A l’interface entre le milieu marin et le milieu continental, la mangrove est un écosystème fait d’un assemblage de micro habitat et d’espèces. Elle est l’un des milieux les plus riches de la planète.

Barrière végétale impénétrable pour les grands prédateurs, la mangrove offre un abri aux poissons et crustacés qui viennent se reproduire en grand nombre. Alevins et juvéniles grandissent en toute tranquillité entre les racines de palétuvier. Il a été étudié dans le Saloum que la mangrove offre un refuge à 127 espèces de poissons dont les trois quart viennent pour se reproduire. La mangrove assure ainsi le renouvellement des poissons et des crevettes qui à l’âge adulte, rejoindront la pleine mer.

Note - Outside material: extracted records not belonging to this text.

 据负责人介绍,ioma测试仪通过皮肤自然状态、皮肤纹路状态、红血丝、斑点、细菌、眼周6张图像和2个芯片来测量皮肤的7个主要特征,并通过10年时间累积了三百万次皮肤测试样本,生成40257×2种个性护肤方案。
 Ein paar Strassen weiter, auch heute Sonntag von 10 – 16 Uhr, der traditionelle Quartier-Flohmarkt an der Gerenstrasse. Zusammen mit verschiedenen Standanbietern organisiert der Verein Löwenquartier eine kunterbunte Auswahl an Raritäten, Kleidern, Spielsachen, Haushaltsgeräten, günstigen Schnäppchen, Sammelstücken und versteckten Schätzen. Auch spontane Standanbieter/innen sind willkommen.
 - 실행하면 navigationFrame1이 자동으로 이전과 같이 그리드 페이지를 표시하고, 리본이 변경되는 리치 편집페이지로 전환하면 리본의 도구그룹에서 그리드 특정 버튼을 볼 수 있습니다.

Les marées rythment la vie des oiseaux. Les tournepierres, courlis, chevaliers, gravelot et autre limicoles colonisent l’ensemble de la zone intertidale. A marée basse, l’activité est intense. De leur bec, ils fouillent inlassablement sous les racines à la recherche de crabes, de coquillages et de vers. A marée haute, le petit peuple de la vase vient se percher sur les palétuviers, ou se repose plus loin sur les tannes désolés. Plus haut, c’est la cohue dans les racines et dans les branches. Les piscivores, martins pêcheurs, hérons, aigrettes, se tiennent à l’affut, tandis que pélicans gris et blanc, se gavent de grosses proies à l’embouchure des bolongs. Parfois l’ombre gigantesque d’un goliath, le plus grands des hérons frôlent les arbres.
Situées en plein cœur des régions arides sahéliennes de l’Afrique de l’ouest, les mangroves du Sénégal, sont des zones humides vitales dont dépend la migration des oiseaux. Celle du delta du sine Saloum, déjà inscrite en réserve de la biosphère et protégée par un parc national est le troisième site côtier d’importance ornithologique de l’Afrique de l’ouest, après le banc d’Arguin en Mauritanie et l’archipel des Bigagos en Guinée Bissau.

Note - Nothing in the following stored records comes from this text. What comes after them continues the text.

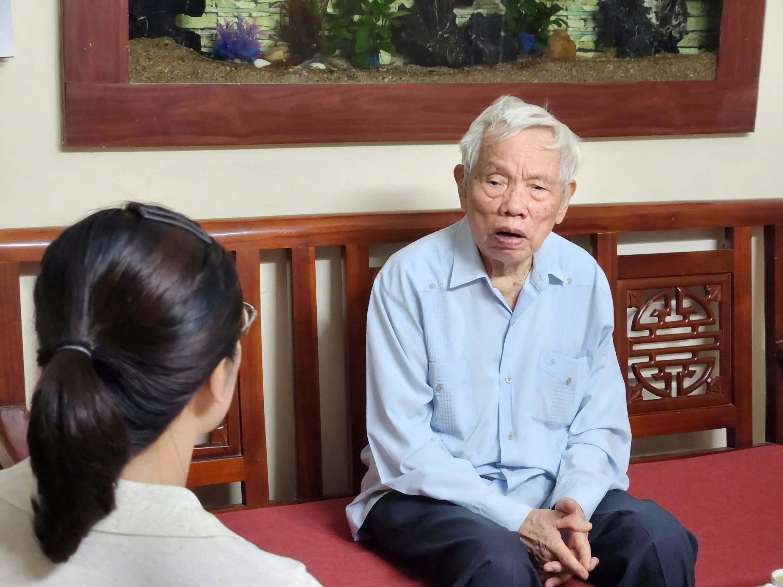 El periodista Vu Van Au conversa con la reportera del periódico Nhan Dan. (Foto: Hai Anh)
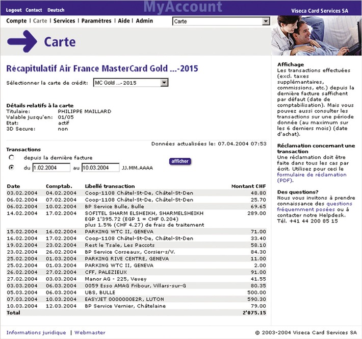 Communiqué de presseViseca Card Services SA: Contrôlez vos dépenses en ligne à tout moment2004-04-21T10:30:00Glattbrugg (ots) - Voir images: www.newsaktuell.ch/f/story.htx?nr=100473952 Depuis juillet 2003, Viseca Card Services SA propose à sa clientèle privée une nouvelle prestation gratuite en ligne: MyAccount. Celle-ci offre à tout moment et en tout lieu une vue d'ensemble sur les dépenses effectuées par carte de crédit ainsi qu'une transparence maximale en matière de taux de conversion et de frais de traitement. Vous pouvez ouvrir un compte MyAccount en toute simplicité et sans frais au moyen de toute carte de crédit Viseca valable (carte principale ou carte supplémentaire). D'autres cartes de crédit autorisées peuvent ensuite être rattachées à votre compte. Après vous être identifié en toute sécurité, vous accédez très facilement, par l'intermédiaire de "MyAccount", à votre compte personnel de carte de crédit sur Internet. Vous pourrez y consulter toutes les informations actuelles concernant votre carte de crédit. A tout moment, sans aucuns frais et depuis n'importe quel endroit au monde. Possibilités d'achats en ligne en toute sécurité MyAccount constitue par ailleurs le point de départ de l'utilisation des nouvelles méthodes de paiement pratiques "Verified by VISA" et "MasterCard SecureCode". Avec ces dernières, VISA et MasterCard ont introduit un nouveau standard de sécurité international pour les achats sur Internet qui rend les paiements en ligne par carte de crédit encore plus sûrs, le tout sans installation de logiciels ni téléchargement de programmes sur votre PC et sans frais supplémentaires. Dans les boutiques Internet ayant adopté ce système de sécurité, l'utilisateur doit, en sus de son numéro de carte, également saisir un mot de passe. Le paiement sur Internet par l'intermédiaire de ce nouveau système est ainsi comparable à un règlement d'achat avec une signature dans un magasin. Viseca Card Services SA est une société créée conjointement par les banques cantonales, les Banques Raiffeisen, les banques RBA, la BANQUE MIGROS et la banque Coop ainsi que par différentes banques commerciales et privées. Grâce à un réseau étendu, Viseca couvre plus de 70% de l'ensemble des guichets de banque et tous les bureaux de poste. Avec la VISA Card, la MasterCard et le programme de primes webmiles, Viseca se met au service de marques de renom. Depuis sa création en l'an 2000, Viseca est devenue le deuxième plus grand émetteur de cartes de crédit avec plus de 900'000 client(e)s. MyAccount fournit les informations ci-après en ligne: - soldes actuels de toutes les cartes de crédit rattachées
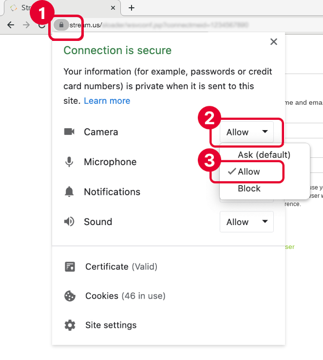 Allow Streams to access your camera and microphone

Aire marine protŽgŽe du Bamboung

La vie est un peu plus difficile pour les mammifères. Les singes vervet attendent l’aube ou le crépuscule pour descendre des arbres et venir étancher leur soif dans les bolongs. Le ricanement des hyènes trouble les nuits, tandis que dans l’eau apparait un museau aux deux narines largement ouvertes pour disparaitre aussitôt. Lemar! Un lamantin endémique à l’Afrique de l’ouest fait parfois une brève apparition dans les eaux de la mangrove.